Иисус – по своей природе Андрогин, и при этом Он связан узами духовно-плотской любви с «Возлюбленной» – то ли «другой Марией» (или «женой-грешницей», или Марией Магдалиной) Евангелия, то ли таинственной сестрой-близнецом Иисуса из гностического текста «Пистис София». Христос – новый Озирис – не должен ли Он, «Тело», уподобиться Своей египетской «тени» и в любви к сестре-жене, – любви, воскрешающей Его от смертного сна?! Мы ныне наблюдаем всплеск жгучего интереса к «личной» жизни Иисуса из Назарета (классический образец этих спекуляций – роман «Код да Винчи» Дэна Брауна), – Мережковский на русской почве был здесь пионером. Еще во времена ТД (1900) он придумал словцо «святое сладострастие», которым будто бы были охвачены едва ли не все героини Евангелия, следующие за Учителем: «Для нас это самая темная, не “вмещенная” сторона христианства»[529]. Однако ранний Мережковский брал в свой «Завет» не один сладострастный пол, но всю «нижнюю бездну» зла: «Зло не для зла, а для нового высшего добра». В «кажущемся кощунстве» будь оно доведено до конца, «скрыто утверждение» высшего порядка, почему, согласно этой странной герменевтике, деревенскому парню из «Дневника писателя» Достоевского, вздумавшему расстрелять Святые Дары, и явился распятый Христос, словно оправдывая его намерение[530].Этот примитивный постницшевский люциферизм, – попросту говоря, сатанизм, к 1920-м годам был все-таки Мережковским преодолен.

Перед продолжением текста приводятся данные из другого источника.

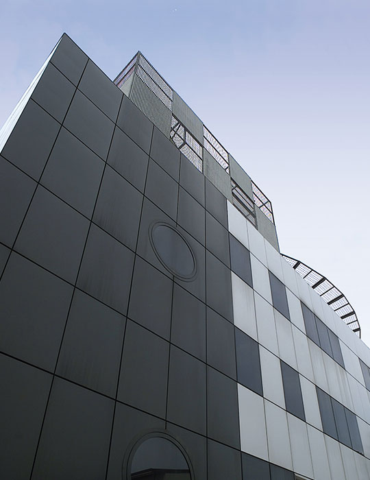 esternamente con moderni pannelli in alluminio nelle tonalità nero e

После 1917 года в Причастие в России стреляли постоянно, – в буквальном и фигуральном смысле; антихрист явил себя уже не в «интересном» образе базельского профессора, а в обличье палачей ЧК. Это, надо думать, отчасти отрезвило «благовестника» «Третьего Завета»: эпатирующих прямых кощунств в трилогии 1910-30-х гг. всё же нет. Но вот, это исследование древних культов было предпринято ради апологии «святого пола» – «силы воскрешающей»: «…В братски-брачной, небесно-земной любви, агапэ-эросе <…> лицо Неизвестного»[531]
. И в свете данной предпосылке нового религиозного сознания позднего Мережковского, описания им «богосупружества» и «боговкушения», «божественных кровосмешений», экстазов, «оскоплений», «омофагий» и пр. порой кажутся нагромождением едва ли не более мерзких кощунств…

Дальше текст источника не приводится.